Dive Brief:
- The North Dakota Public Service Commission last week approved a settlement allowing Otter Tail Power to move forward with development of a 250 MW gas plant and a 150 MW wind farm, to replace Minnesota's coal-fired Hoot Lake plant.
- Astoria Station would be an efficient simple-cycle gas combustion turbine that would be used to meet peak demand. Otter Tail has estimated the project will cost approximately $165 million and will take just over a year to complete.
- The commission also indicated it would approve the Merricourt wind project, but delayed a vote on the project's siting application in order to review newly-submitted data.
Dive Insight:
The Astoria and Merricourt projects are meant to complement one another.
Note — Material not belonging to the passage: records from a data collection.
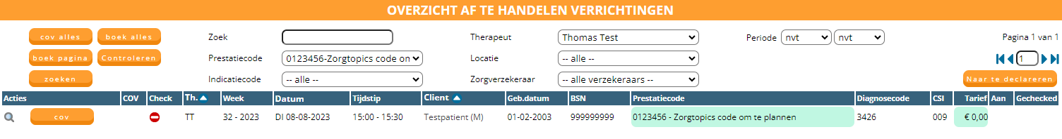 Door het gebruik van de juiste inrichting van de prestatiecodes wordt de declaratie bij de zorgverzekeraar juist afgehandeld.
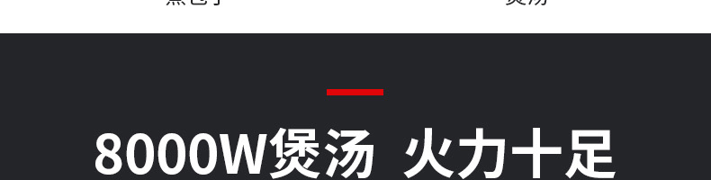 八千瓦平爐(磁控) XZ-KAM8C,八檔磁控,滿足各種烹飪。蒸煮燉煲炒,無明火模式。不同食材專屬火力、大功率、高效率。8000W煲湯火力十足具有聚能技術,大面積均速加熱,輕松制作美食。
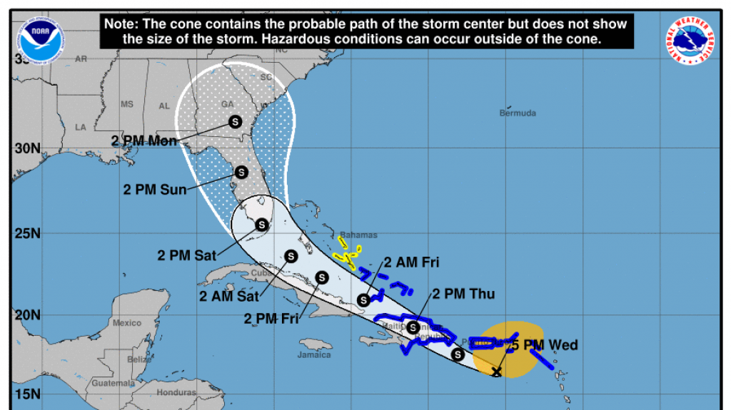 En términos de oleaje, las olas estarán altas y peligrosas, de 10 pies o más en las aguas adyacentes. Operadores de embarcaciones pequeñas deben prevalecer en puerto seguro. Además, considere problemas de erosión y de inundaciones costeras.
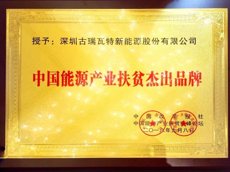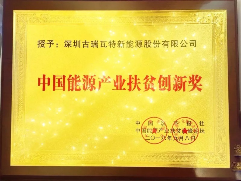 2018年9月8日,由中国改革报社《能源发展》周刊、北京国发智慧能源技术研究院主办,绿能帮文化传媒(北京)有限公司承办的“2018中国能源产业扶贫高峰论坛”在北京举办。国家发改委、多地扶贫办与优秀企业一起共同探讨中国式能源扶贫新方案、新模式,翻开了能源扶贫事业的新篇章。作为分布式光伏逆变器的领军企业,古瑞瓦特在扶贫领域做出了积极努力,不断探索精准扶贫机制,荣膺“中国能源产业扶贫杰出品牌”、“中国能源产业扶贫创新奖”两项大奖。
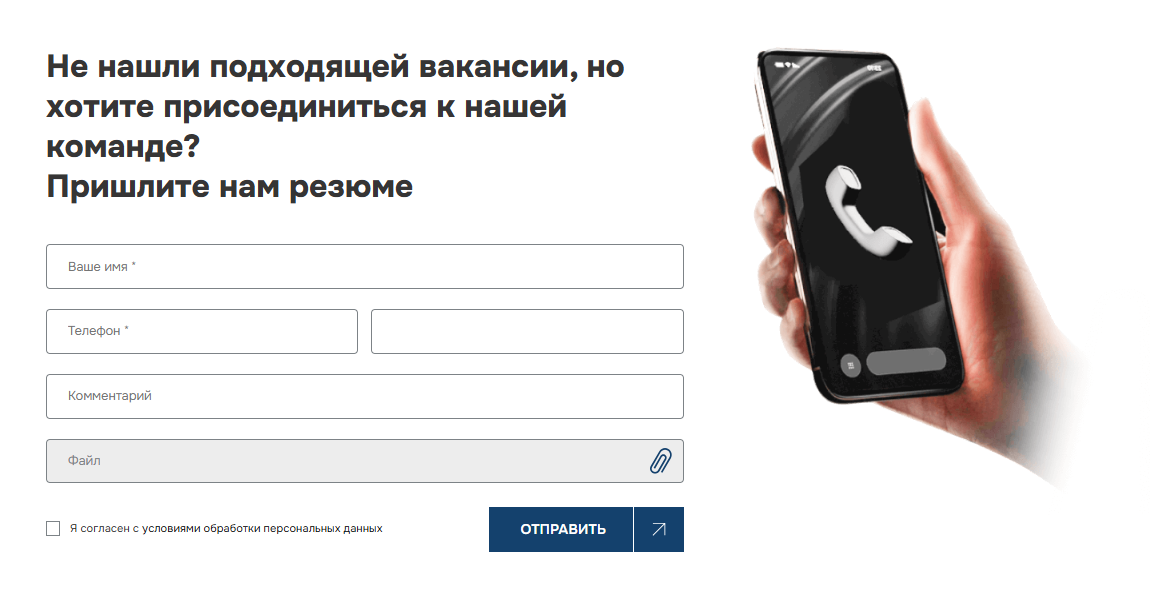 Разработали интерективную веб-форму с возможностью прикрепления файла и отправки контактных данных. Весь контент сохраняется в системе администрирования, а также отправляется в CRM-систему Битрикс 24.
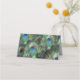 Wedding reception custom printed table place cards. Elegant and refined peacock feather background in rich saturated colours of royal blue, copper gold, and teal emerald green. The peacock is a stately bird with ornamental feathers and it makes a beautiful display for a summer wedding or any occasion Metallic looking gold gradients add a touch of glamour and refinement.

Merricourt is being constructed by EDF Renewable Energy, which will turn the facility over to Otter Tail once it is completed, likely in 2019. The project will be located on approximately 13,700 acres south of Edgeley, N.D., in McIntosh and Dickey counties, and will consist of 75 Vestas 2MW wind turbines. The turbines are expected to be manufactured in Vestas’ Colorado-based facilities.
Merricourt will cost about $250 million to develop. The Astoria plant aims to generate power for Otter Tail when the wind is not blowing. The gas plant will be located northwest of Astoria, S.D., at the intersection of the Northern Border Pipeline and the Big Stone South-to-Brookings County 345-kilovolt electric transmission line.
The Hoot Lake coal plant in Fergus Falls, Minn., which Otter Trail is working to replace, has been producing energy from a pair of units for more than 50 years. It produces about 140 MW.
Otter Trail uses its resource mix to serve more than 130,000 customers in Minnesota, North Dakota and South Dakota.